北京のレストラン前の路上で注文を待つフードデリバリーのスタッフたち(写真:CFOTO/共同通信イメージズ)
[ロンドン発]中国国務院(行政府)は昨年暮れ、2億人にのぼるギグワーカー(新業態就業者)の法的保護と社会保障を抜本的に改善する方針を打ち出した。「収入の不安定さ」と「労働保護の不十分さ」というギグワーカーの深刻な問題が背景にある。
「収入の不安定さ」と「労働保護の不十分さ」という深刻な問題
2024年末時点で年金に加入するギグワーカーは約7000万人、医療保険は約6600万人にとどまっており、母数の2億人に対し低い水準にとどまっている。複雑な多重下請けにより事故やトラブルが発生した際の責任の所在が不明確だ。保険料負担も基本所得の約3割に達している。

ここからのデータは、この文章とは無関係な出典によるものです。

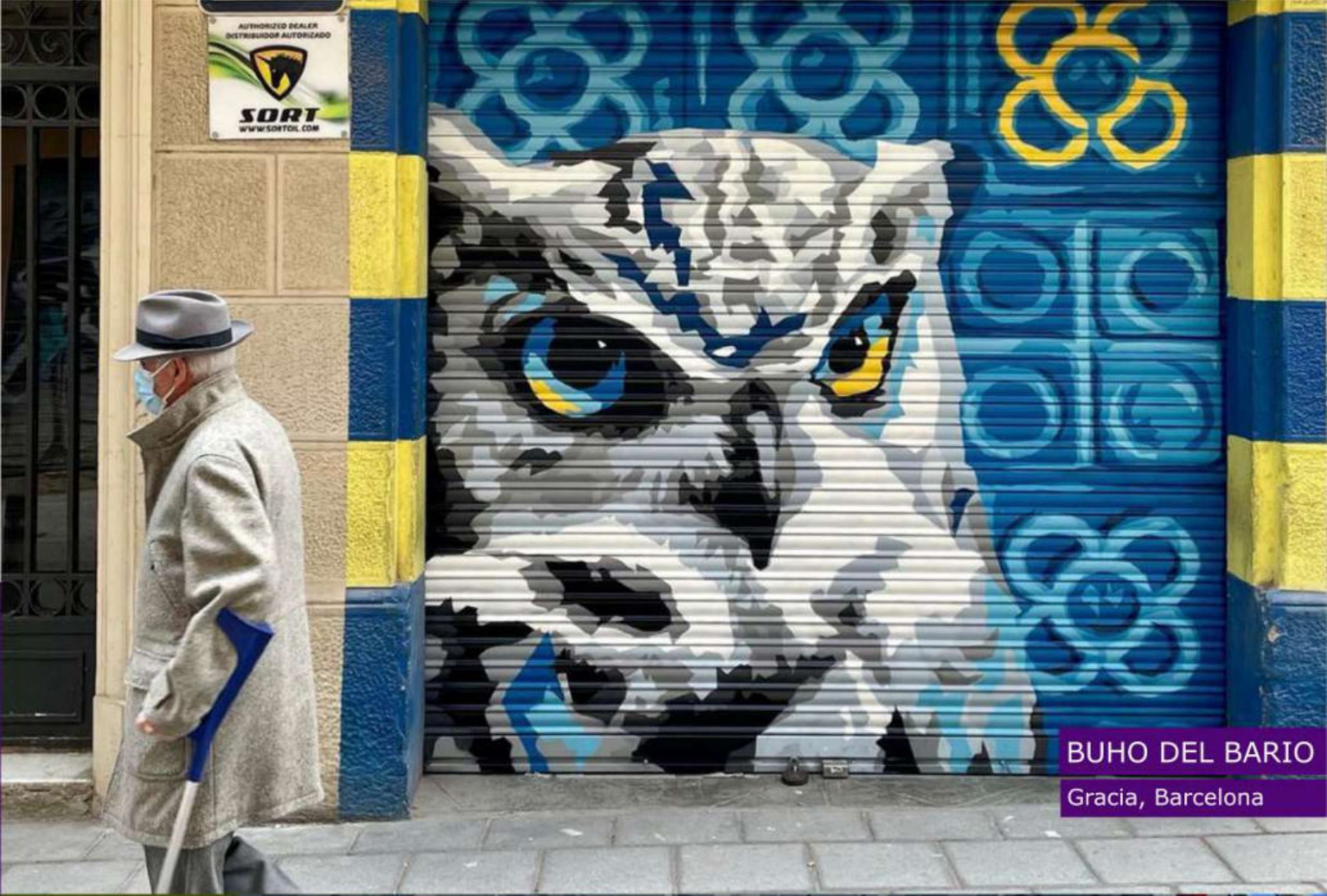
BUHO DEL BARIO Gracia, Barcelona
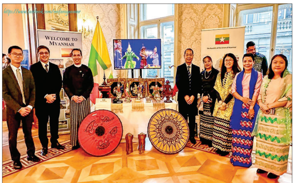
Myanmar displays its traditional handicrafts at the event on 19 October in Austria.

The Embassy of Malaysia demonstrated traditional Malaysian Silat (martial arts), while the embassies of the Philippines and Indonesia presented Ramayana performances. Traditional crafts were displayed, and traditional food was served, representing the diverse cultures of ASEAN countries. — ASH/KZW
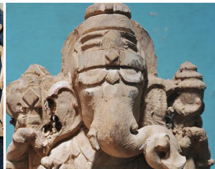
Huge idol of lord Ganesha.
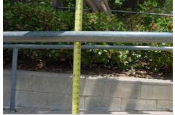
Exterior Ramp to Stengel Field

Finding: The handrails are mounted at a height less than 34 inches. There are no 12-inch extensions beyond the top and bottom of the ramp.
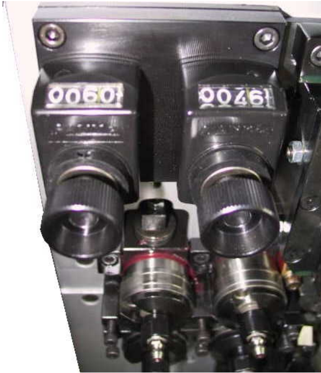
EASY ROLLER PRESSURE ADJUSTMENT BY SCALE METER

中国の全就業者の4人に1人強がギグワーカー。配送・配達員1200万〜1500万人、配車サービス運転手1000万人以上、ライブストリーミング・動画制作は1000万人以上だ。ギグエコノミーを含むシェアリングエコノミーの市場規模は最大5.2兆人民元(約118兆円)とされる。
約20年にわたるコンビニ店員、警備員、配達員など19もの非正規雇用の実体験を綴った胡安焉氏のノンフィクション・エッセイ『我在北京送快递(英語の題名:I Deliver Parcels in Beijing )』が昨年、英国でも出版され、複数のメディアに取り上げられた。